2. The word Bodhi, made famous because Buddha attained knowledge under such a tree, does not reflect the sense of Ashwattha, which literally means that which goes on evolving and expanding. But this expansion is not continuous expansion. Its spatial expansion stops after sometime due to scientific reasons I have discussed on different occasions. But its time evolution does not cease. The reason why the tree is pictured as inverted has been explained while discussing the difference between science and knowledge. Knowledge tends towards unification. When our eyes see a flower, it creates a blurred image of color only in our brain. Our sense of touch describes us its form. Sense of taste describes its radiance (freshness). Sense of smell describes its fragrance. Our sense of hearing describes its spatial arrangement in layers (sound is a longitudinal wave, also called compression wave). When all these sensations are mixed in our brain and compared with our memory, we “know” that it is a flower. But science is limited knowledge about something. Hence if we study color, texture or smell etc. those will be science. Since science is a part, it flows from the whole. Since the universe is perceived by us as parts, it is science. But the source of this science is one knowledge from which it flows. Thus, the tree is pictured as inverted. Because it depicts the creation and time evolution of the universe from one source. Its branches and other parts describe different sciences. A standing tree would imply growth of the original source. But an inverted tree implies parts emanating from one source, which together grows to form the whole. This is a vast subject and unless someone is an expert in Quantum physics, it will be very difficult to understand its meaning. Even then it uses a science much higher than modern science.

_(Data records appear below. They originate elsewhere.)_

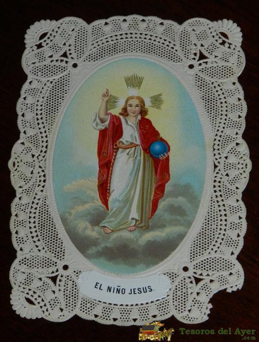 ANTIGUA ESTAMPA BORDADA Y CALADA RELIGIOSA DE EL NIÑO JESUS, FINALES DEL SIGLO XIX, MIDE 5,5 X 7,5 CMS. BUEN ESTADO.
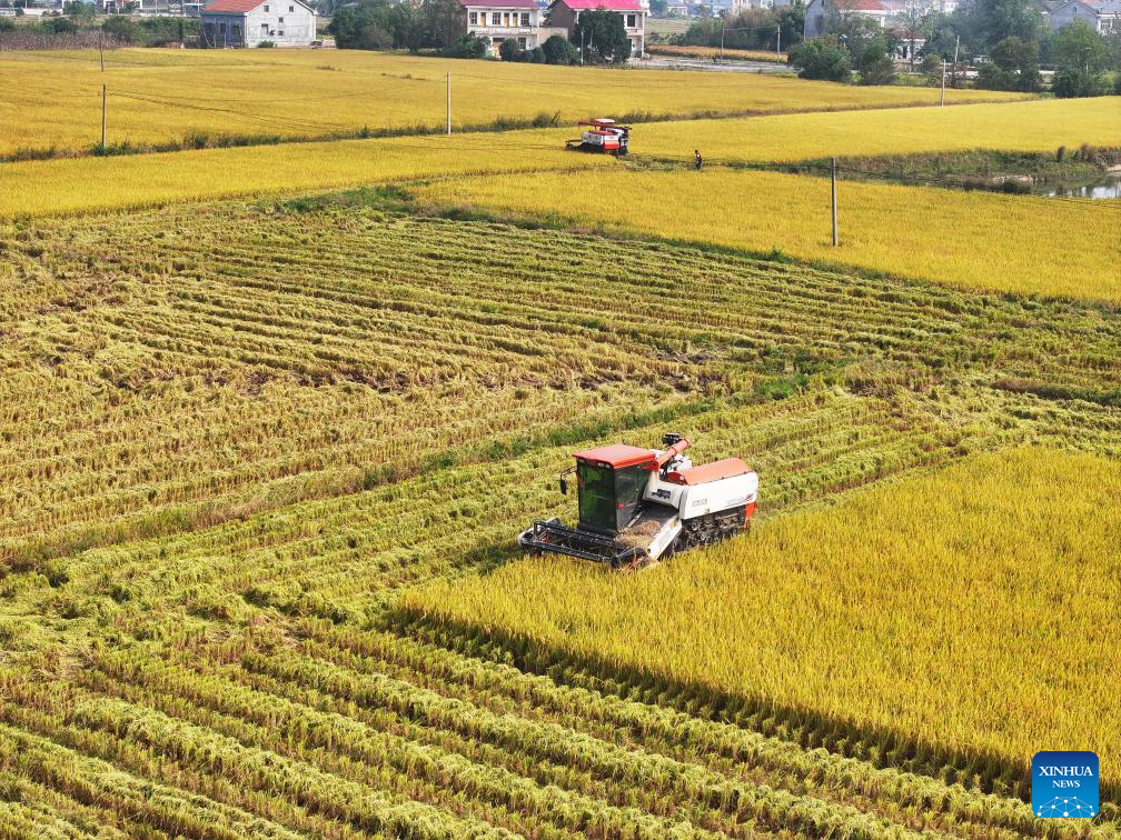 An aerial photo taken on Oct. 28, 2024 shows a harvester working in a late rice field in Daijiahe Village of Lixian County, Changde City, central China's Hunan Province. At present, farmers in many areas of the country are embracing the harvest season of this year while preparing for next year's planting. (Photo by Bai Yipu/Xinhua)
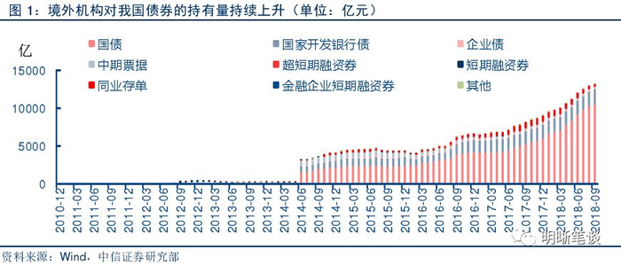商业银行和广义基金仍是债券持有量的主要增量资金来源,与此同时境外机构的边际影响逐渐增大。从债券持有机构看,商业银行和广义基金(主要包含基金及其他非法人机构产品)仍然是主要增量资金来源。但是在监管总基调不变的背景下,2018年广义基金持债规模的增量较去年有所收窄。在持债品种上,商业银行对国债、政策性金融债持有比例仍较高,且随着银行负债压力增大,同业存单发行量增加。8月之后地方政府债发行放量,压缩了商业银行持有其他债权的空间。信用债和同业存单仍是广义基金的主要持有券种,除了在5月和6月受违约事件不断爆出的影响减持信用债外,广义基金在其他月份均增加了对信用债的持有规模。值得关注的是今年以来境外机构积极参与国内债券市场,其持有债券的增幅已经超过商业银行和广义基金之外的其他机构,主要因为一方面,受免税、放开境外机构参与国内评级业务等债券市场等政策增加了境外机构参与的热情,另一方面,境外机构对于国内债市的信心也有所回升。

The two birds are one representing living bodies and the other representing Consciousness. We may have knowledge about different subjects, but the universal content of all knowledge is of the form: “I know……..(about this)”. Secondly, knowledge is the result of measurement (or perception, which is the same as measurement). We compare something with a standard unit scale up or down to know the result. Hence, the result of measurement always returns scalar quantities (2kg or 5 kg, where kg is a pre-known unit that is in our memory). As long as the measurement process goes on, our mind rests with it due to inertia. Like inertia of motion is destroyed due to friction or application of another force, the inertia of mind, i.e. thought, is destroyed due to getting the object of desire (praapti), or intense pain, which diverts our mind, or knowledge about the object. The moment we “know”, our mind rests – no action. The knowledge is posted in our memory. Hence knowledge implies cessation of action. This is called the observer of quantum physics and explains “collapse”. For this reason, the other bird is described as only observing.